1.6 ATLAS at Belt-5: Beyond Reconnaissance and Initial Access
AI-201 used the full 16 ATLAS tactics as a reference vocabulary. At Belt-5, you should be working from the ATLAS case studies rather than the tactic list. The 42 case studies in ATLAS v5.1.0 are real-world incidents analyzed at the tactic-technique level. Belt-5 work means:
- Given a new incident, mapping it to the case study corpus and identifying which techniques generalize to new targets
- Identifying gaps: which case studies are missing from the corpus that the AI-301 labs would add
- Reading the ATLAS case studies not as examples of specific attacks but as evidence for general claims about the attack surface
Assignment: Before Module 2, read ATLAS Case Study AML.CS0001 (Tay AI) and AML.CS0016 (GPT-2 generation of malicious outputs). For each:
- List every technique used (e.g., T0048 - Prompt Injection)
- Identify the structural class (which row in the mapping table does this belong to?)
- Write one sentence on why the attack was possible: what structural property of the system enabled it?
1.7 The Course Arc
Modules 1-4 are the Prophecy arc: re-grounding, primer exploits (stack-smash and prompt injection separately), and the formal naming of the thesis. Christian's Prophecy arc covers the history of AI systems that learned proxies -- aligned-in-the-lab, misaligned-in-deployment systems -- which motivates the security analyst's question: what invariant did the designer assume that the adversary violated?

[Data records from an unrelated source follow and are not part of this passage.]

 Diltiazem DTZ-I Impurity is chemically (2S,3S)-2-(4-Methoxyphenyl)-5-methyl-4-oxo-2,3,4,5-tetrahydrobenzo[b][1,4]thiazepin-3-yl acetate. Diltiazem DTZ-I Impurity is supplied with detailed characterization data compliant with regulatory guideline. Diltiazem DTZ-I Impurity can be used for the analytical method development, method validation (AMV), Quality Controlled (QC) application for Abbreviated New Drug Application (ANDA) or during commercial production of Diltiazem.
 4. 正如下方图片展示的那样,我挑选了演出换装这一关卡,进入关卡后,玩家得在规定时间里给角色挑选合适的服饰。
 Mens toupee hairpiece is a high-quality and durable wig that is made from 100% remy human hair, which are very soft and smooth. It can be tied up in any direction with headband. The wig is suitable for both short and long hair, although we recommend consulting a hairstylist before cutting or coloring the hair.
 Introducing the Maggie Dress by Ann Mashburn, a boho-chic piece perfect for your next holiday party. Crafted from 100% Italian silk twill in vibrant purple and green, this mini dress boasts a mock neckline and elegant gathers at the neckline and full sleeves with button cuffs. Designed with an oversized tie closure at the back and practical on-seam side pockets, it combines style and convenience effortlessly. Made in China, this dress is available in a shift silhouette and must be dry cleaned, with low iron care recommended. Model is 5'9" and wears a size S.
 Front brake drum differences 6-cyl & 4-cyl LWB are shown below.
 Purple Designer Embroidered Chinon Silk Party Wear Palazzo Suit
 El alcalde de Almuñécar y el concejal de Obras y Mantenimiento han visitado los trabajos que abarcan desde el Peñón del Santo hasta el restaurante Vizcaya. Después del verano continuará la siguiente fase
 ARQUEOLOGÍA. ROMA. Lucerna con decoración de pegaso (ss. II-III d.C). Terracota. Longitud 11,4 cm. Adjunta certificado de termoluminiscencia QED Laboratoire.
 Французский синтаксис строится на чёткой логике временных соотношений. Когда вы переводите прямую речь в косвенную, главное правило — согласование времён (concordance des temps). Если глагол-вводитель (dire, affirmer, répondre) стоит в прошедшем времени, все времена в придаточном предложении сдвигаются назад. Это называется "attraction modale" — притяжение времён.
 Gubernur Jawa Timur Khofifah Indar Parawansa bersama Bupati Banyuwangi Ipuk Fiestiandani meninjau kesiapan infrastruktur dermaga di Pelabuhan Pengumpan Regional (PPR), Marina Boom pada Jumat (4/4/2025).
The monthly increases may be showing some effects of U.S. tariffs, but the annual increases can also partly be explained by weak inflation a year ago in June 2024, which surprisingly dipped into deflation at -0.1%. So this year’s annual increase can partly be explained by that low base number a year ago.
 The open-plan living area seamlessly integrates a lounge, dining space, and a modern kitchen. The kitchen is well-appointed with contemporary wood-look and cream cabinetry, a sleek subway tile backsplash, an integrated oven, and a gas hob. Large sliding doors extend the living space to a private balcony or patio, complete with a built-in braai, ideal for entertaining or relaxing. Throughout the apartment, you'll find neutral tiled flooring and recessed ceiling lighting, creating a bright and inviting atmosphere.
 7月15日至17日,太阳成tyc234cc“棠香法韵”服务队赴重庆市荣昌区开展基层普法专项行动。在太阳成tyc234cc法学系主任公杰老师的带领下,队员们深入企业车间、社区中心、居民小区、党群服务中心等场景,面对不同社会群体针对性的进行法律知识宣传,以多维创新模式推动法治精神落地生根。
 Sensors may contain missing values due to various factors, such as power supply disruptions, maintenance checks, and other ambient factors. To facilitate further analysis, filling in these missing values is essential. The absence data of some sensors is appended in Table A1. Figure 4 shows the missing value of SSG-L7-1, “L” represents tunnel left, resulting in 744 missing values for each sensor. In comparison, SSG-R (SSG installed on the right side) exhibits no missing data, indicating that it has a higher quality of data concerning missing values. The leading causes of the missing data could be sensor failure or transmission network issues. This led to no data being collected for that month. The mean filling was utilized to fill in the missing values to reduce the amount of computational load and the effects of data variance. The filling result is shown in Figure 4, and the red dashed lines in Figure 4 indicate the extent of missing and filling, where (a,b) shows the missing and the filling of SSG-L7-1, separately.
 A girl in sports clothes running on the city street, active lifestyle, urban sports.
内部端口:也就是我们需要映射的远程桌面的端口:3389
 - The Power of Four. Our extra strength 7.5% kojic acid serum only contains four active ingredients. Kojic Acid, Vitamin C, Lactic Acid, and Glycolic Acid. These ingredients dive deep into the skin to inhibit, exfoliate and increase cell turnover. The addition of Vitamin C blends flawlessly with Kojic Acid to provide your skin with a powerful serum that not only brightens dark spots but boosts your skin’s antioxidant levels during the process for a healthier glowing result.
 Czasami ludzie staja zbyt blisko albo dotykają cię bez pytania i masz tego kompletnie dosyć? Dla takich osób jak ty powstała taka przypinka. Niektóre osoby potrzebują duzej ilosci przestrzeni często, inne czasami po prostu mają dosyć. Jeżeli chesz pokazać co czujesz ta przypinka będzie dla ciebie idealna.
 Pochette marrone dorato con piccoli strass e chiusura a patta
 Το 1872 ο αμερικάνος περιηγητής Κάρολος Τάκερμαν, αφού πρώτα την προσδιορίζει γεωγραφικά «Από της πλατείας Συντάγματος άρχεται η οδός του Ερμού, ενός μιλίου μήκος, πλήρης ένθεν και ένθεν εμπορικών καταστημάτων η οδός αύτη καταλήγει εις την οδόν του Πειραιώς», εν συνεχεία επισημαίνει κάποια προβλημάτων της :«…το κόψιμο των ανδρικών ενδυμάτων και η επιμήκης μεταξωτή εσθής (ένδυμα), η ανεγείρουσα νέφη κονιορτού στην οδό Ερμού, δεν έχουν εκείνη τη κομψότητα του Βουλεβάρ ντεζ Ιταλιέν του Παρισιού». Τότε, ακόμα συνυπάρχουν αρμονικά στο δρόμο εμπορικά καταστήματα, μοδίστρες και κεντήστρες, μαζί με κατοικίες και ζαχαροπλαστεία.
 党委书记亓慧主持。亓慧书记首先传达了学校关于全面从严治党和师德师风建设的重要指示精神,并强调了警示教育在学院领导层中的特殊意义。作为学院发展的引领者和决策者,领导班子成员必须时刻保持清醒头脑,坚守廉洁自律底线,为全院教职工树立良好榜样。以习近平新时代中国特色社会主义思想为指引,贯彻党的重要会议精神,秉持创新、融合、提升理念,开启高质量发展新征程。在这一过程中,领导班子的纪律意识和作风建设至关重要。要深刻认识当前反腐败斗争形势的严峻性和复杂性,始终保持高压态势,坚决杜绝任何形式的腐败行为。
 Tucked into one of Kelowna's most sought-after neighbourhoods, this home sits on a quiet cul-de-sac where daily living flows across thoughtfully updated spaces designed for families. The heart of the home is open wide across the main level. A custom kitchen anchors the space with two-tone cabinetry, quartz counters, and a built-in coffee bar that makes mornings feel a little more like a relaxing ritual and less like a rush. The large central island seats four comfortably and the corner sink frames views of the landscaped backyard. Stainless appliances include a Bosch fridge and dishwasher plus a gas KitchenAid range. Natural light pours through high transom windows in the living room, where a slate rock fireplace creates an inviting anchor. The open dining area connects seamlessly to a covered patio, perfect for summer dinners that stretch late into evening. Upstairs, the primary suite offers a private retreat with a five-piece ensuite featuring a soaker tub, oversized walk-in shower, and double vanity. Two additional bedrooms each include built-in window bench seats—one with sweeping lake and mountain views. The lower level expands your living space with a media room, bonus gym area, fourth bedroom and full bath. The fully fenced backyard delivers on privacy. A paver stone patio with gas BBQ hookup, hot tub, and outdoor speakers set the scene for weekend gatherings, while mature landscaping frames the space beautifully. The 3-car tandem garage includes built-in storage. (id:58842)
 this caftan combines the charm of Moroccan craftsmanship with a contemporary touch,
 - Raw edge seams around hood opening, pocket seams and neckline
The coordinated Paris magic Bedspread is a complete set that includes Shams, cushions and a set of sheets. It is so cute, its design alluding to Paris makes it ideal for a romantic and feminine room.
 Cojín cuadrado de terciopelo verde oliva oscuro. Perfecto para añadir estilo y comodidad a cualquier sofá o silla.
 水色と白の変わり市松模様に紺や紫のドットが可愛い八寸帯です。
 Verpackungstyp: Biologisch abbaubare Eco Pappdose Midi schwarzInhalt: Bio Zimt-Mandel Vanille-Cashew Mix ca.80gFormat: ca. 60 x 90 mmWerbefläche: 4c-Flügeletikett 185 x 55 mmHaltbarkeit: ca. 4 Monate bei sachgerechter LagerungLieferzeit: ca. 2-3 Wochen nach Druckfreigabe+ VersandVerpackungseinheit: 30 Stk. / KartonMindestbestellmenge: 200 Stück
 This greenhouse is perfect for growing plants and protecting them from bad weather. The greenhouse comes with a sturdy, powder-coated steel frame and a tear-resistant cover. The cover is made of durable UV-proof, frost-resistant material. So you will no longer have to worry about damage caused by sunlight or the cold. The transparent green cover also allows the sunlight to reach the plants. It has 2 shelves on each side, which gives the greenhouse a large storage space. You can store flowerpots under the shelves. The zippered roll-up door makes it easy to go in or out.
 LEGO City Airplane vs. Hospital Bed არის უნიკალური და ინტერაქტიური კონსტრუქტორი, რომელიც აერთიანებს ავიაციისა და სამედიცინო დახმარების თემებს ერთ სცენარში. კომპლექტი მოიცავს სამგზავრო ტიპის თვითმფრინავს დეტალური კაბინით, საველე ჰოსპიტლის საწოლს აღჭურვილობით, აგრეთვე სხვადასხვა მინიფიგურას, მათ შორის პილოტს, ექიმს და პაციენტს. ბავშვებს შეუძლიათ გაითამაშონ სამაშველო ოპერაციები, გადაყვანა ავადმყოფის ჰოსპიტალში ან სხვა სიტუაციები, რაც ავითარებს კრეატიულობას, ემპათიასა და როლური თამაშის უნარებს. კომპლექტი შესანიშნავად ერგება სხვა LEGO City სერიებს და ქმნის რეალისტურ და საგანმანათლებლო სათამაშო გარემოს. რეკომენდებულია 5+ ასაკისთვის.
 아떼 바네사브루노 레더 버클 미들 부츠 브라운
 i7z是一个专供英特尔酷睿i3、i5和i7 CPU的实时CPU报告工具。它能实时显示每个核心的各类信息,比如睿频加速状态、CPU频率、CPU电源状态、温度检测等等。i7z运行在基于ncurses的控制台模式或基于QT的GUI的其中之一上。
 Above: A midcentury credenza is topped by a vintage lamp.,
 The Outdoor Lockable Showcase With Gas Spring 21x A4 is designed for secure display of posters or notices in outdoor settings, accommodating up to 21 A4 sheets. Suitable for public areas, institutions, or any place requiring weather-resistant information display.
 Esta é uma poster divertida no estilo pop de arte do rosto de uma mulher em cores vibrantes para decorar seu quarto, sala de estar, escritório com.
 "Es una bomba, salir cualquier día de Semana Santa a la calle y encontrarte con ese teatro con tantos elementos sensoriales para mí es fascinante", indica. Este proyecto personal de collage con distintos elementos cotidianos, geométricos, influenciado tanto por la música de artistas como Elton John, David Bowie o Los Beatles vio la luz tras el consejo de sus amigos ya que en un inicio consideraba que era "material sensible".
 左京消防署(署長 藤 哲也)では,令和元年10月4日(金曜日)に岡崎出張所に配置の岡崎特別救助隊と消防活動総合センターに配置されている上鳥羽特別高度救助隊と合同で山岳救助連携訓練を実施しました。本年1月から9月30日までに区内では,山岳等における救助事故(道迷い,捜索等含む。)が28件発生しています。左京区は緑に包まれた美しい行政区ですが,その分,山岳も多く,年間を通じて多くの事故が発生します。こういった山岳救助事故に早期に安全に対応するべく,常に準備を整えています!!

Modules 5-7 are the Agency arc: ROP, tool-chain hijack, type confusion, side channels. These are the advanced exploit techniques. Christian's Agency arc covers autonomous agents that optimize specified objectives in unexpected ways -- the structural archetype of tool-chain hijacking and type confusion.
Modules 7.5-8 are the Supply chain and defense arc: fine-tuning attacks (supply chain at the weights layer) and layered defenses. Christian's Normativity arc covers how to specify what you actually want and enforce it -- the structural question behind every mitigation.
Modules 9-12 are the Capstone arc: full cross-substrate engagement, adversarial ML, frontier safety landscape, and the three-track capstone.
You are at the beginning of Module 1. The thesis has been stated. The mapping table is your first artifact. Build it carefully -- you will return to it in Module 4 to write the formal essay, and in Module 4.5 to add the SAE-feature row that turns the metaphor literal.